I have randomy generated 136 values between 0.0 and 1.0. To make it easier, you will put everything in the same directory (the jar, vienna and txt files).

RNArtistCore provides a Domain Specific Language (DSL) to write your plotting instructions in a script. It is really simple to use. Let’s start with a basic example. Create a file named script.kts in the same folder as your other files. Copy/paste this content in your script file:

rnartist {
    ss {
        vienna {
            file="rna.vienna"
        }
    }
    
    theme {
        details {
            value = 3    
        }
        scheme {
            value = "Persian Carolina"
        }
    }
    
    svg {
        path = "."
        width = 500.0
        height = 500.0
    }
}

The vienna element defines the location of your structural file. The theme element provides a nice rendering (details level 3 will show the residues and the scheme “Persian Carolina” will color them nicely). After a while, you should see a new file in your folder named rna.svg and containing this drawing:

How to map your data on your RNA 2D?

You will now modify your script to:

link your data to the 2D structure
precise the gradient color to be used to color the residues

This gives now the following script:

rnartist {
    ss {
        vienna {
            file="rna.vienna"
        }
    }

    data {
        file = "data.txt"
    }

    theme {
        details {
            value = 3    
        }
        color {
            type = "N"
            value = "lightyellow"
            to = "firebrick"
        }
    }

    svg {
        path = "."
        width = 500.0
        height = 500.0
    }
}

The data element has to be defined before the theme element.
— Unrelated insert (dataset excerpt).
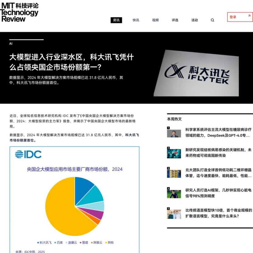 3月19日,IDC发布《中国央国企大模型解决方案市场份额,2024:大模型投资的主力军》报告(以下简称IDC报告)显示,2024年央国企大模型解决方案市场规模达31.8亿元,科大讯飞居榜首。

In the theme element, you can see that the scheme has been removed. It is replaced with a color element. When RNArtistCore sees a property named “to” in a color element, it knows that it has to produce a gradient color and to use it to color each residue according to its value in the dataset.

If you rerun your former command, your file named rna.svg should now contain this drawing:

Thanks to the RNArtistCore DSL, we can easily produce other kind of results. For example, we could…

restrict the coloring to purines

color {
    type = "R"
    value = "lightyellow"
    to = "firebrick"
}

restrict the coloring to purines in helices

color {
    type = "R@helix"
    value = "lightyellow"
    to = "firebrick"
}

restrict the coloring to purines in helices, between positions 1 to 50 (overlapping the two first helices in the 2D)

color {
    type = "R@helix"
    value = "lightyellow"
    to = "firebrick"
    
    location {
        1 to 50
    }
}

change the colors and restrict to residues whose values are between 0.3 and 0.7

color {
    value = "white"
    to = "orange"
    data between 0.3..0.7
}

Easy and efficient! If you want to give it a try, here is the link to download the last version of the script. I remember you that you can find many examples of scripts in the documentation of RNArtistCore on GitHub.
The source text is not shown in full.